Feeding a "long wire" is not necessarily simple. The feedpoint impedance varies WIDELY depending upon the frequency. Almost NEVER is it 50 ohms and a good match for coax. Secondly, there is a ton of misinformation about what is a "long wire". A 130 ft. piece of wire is a "long" piece of wire, but it is not a true "long wire" antenna. A REAL long wire antenna is typically several to many WAVE LENGTHS long and may have multiple wires. i.e. to exhibit serious gain and directivity a wire probably needs to be a minimum of about 6 half waves. This is a LONG antenna on 80 meters (800+ feet long)!! Obviously, it could be considerably shorter on, say, 20 M to acheive the required number of wave lengths.

In the real world a RANDOM WIRE antenna is more often than not called a "Long Wire" and usually these antennas need a tuning net work (i.e. a "Tuner") working against a pretty decent RF ground system to be efficient. A simple end fed wire is often (incorrectly) called a "long wire" and the impedance of this this type of antenna is RARELY 50 ohms.
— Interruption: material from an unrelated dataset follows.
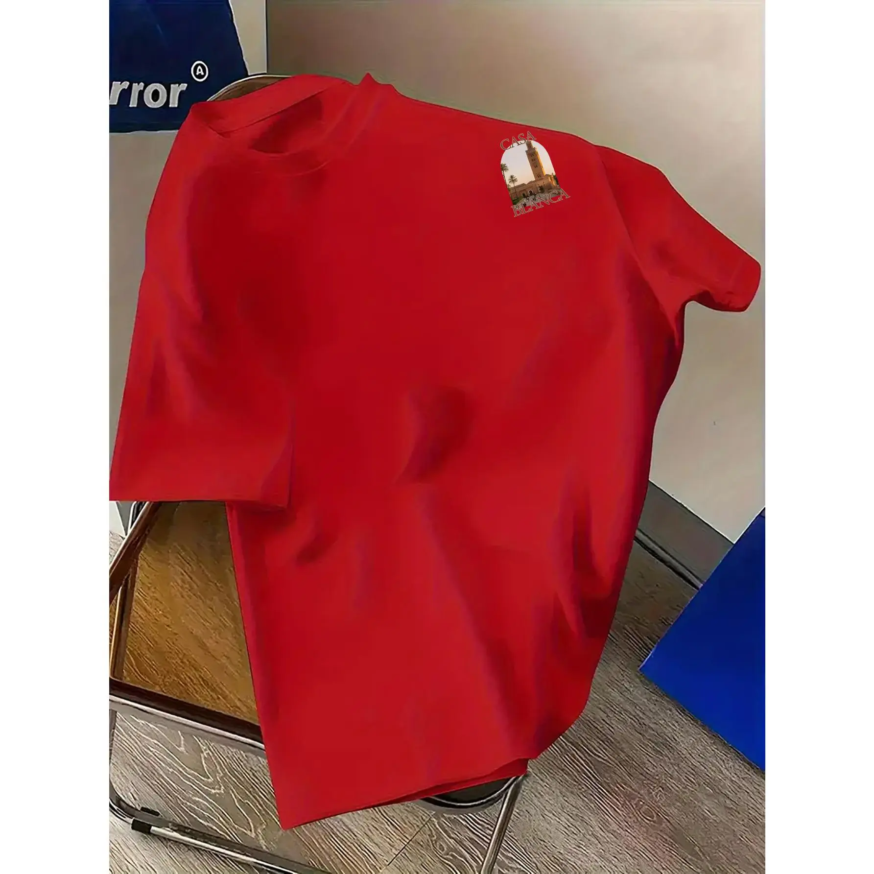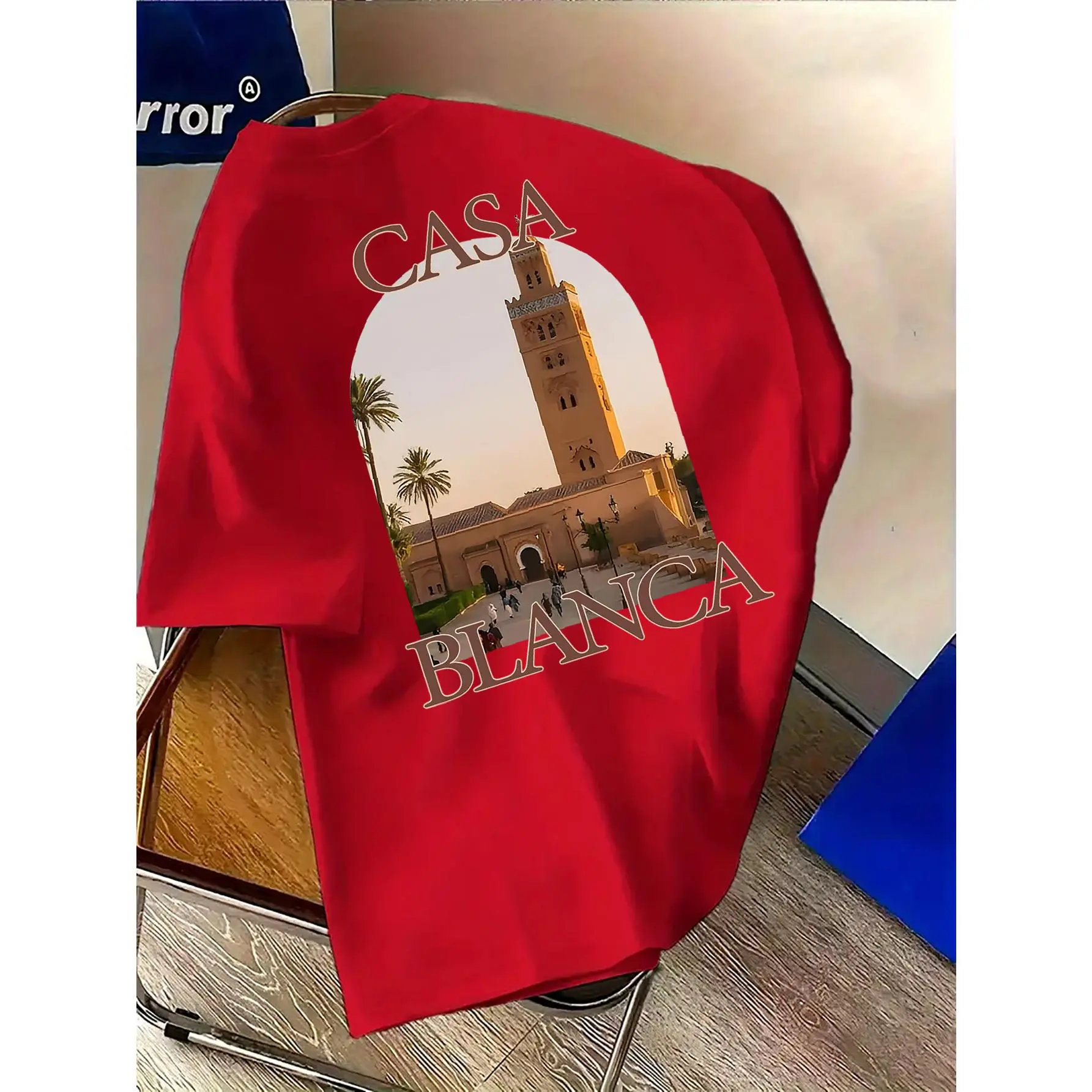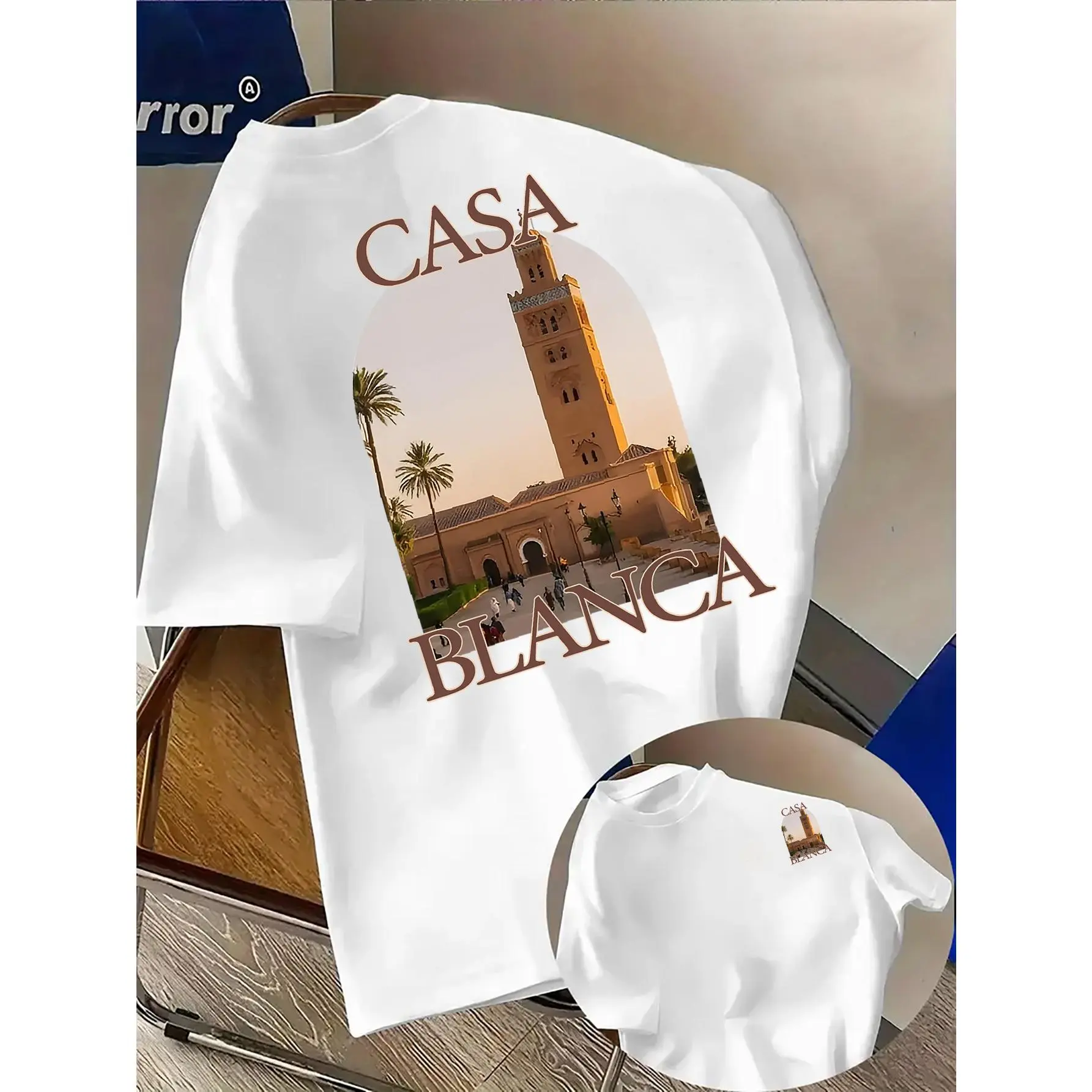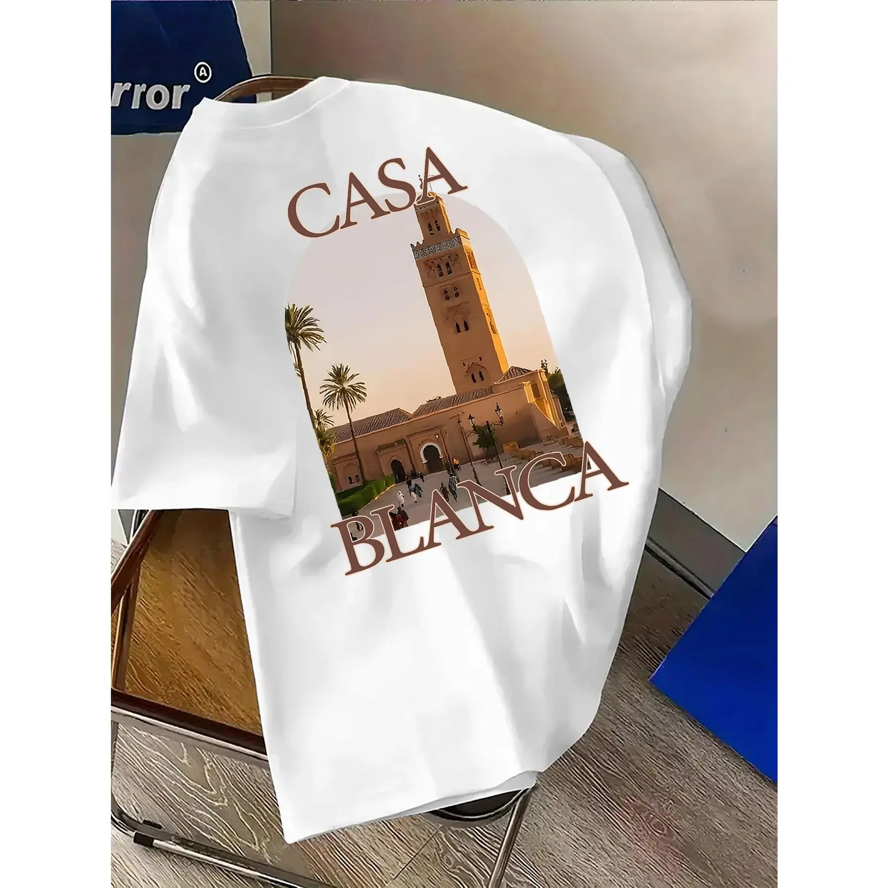 Men's Fashion Casablanca Print T-Shirt - Simple Casual Round Neck Short Sleeve Tee, Machine Washable Summer Clothing, Suitable for Summer and Year-Round Wear, Ideal for Daily Casual, Home, and Outdoor Use

I strongly suggest you pick up a copy of the ARRL Antenna Book and study the chapter on Long Wire antennas. They are a specialize type and there are several ways to feed them depending on the antenna configuration and band or bands you want to cover.

Respectfully, at this point probably the best single investment you could make in your station is to pick up a copy of the ARRL Antenna Book or other good reference and put in a little book time. Antennas are not complex, but they require some specific parameters to be met in order to accept RF power and radiate it efficiently. Matching a Random Wire or true Long Wire is much to complex for a quick paragraph on this website. You can often find a cheap older copy on Ebay and the info in there is just as good as a new book when it comes to antenna basic theory.

Good luck on your project.  73,  K0ZN

tom lish II:
go for a nice fan dipole,

Mike Brenza:
For it to be a "Long wire" antenna, it must be over 1 wavelength long... otherwise, it is considered a "random wire" antenna.
Length is not critical, the longer, the better.  But getting it as HIGH as practical is the most important trait.  On 160, 80, and even 40 meters, this can be the challenge!  1/2 wavelength high on 40 meters equates to about 66 feet.  Not many hams have that luxury!  They are great for fade-free reception!


Bob Lewis:
Let me expand a little on what K0ZN said. To work well the end of a random wire antenna must be connected directly to the tuner terminals. Using coax between the end of the wire and the tuner will result in some very high loss on most frequencies.

In addition, the tuner chassis must be connected to a good RF ground like a radial system, just like a vertical antenna. Failure to do this will result in RF inside the shack on the radio chassis, microphone, etc. It will result in inefficiency and can cause RFI problems into other household equipment like TV sets, phones, etc.

The bottom line is that a multi-band end-fed antenna is often not as easy to implement as it would first seem although it can work well if done properly.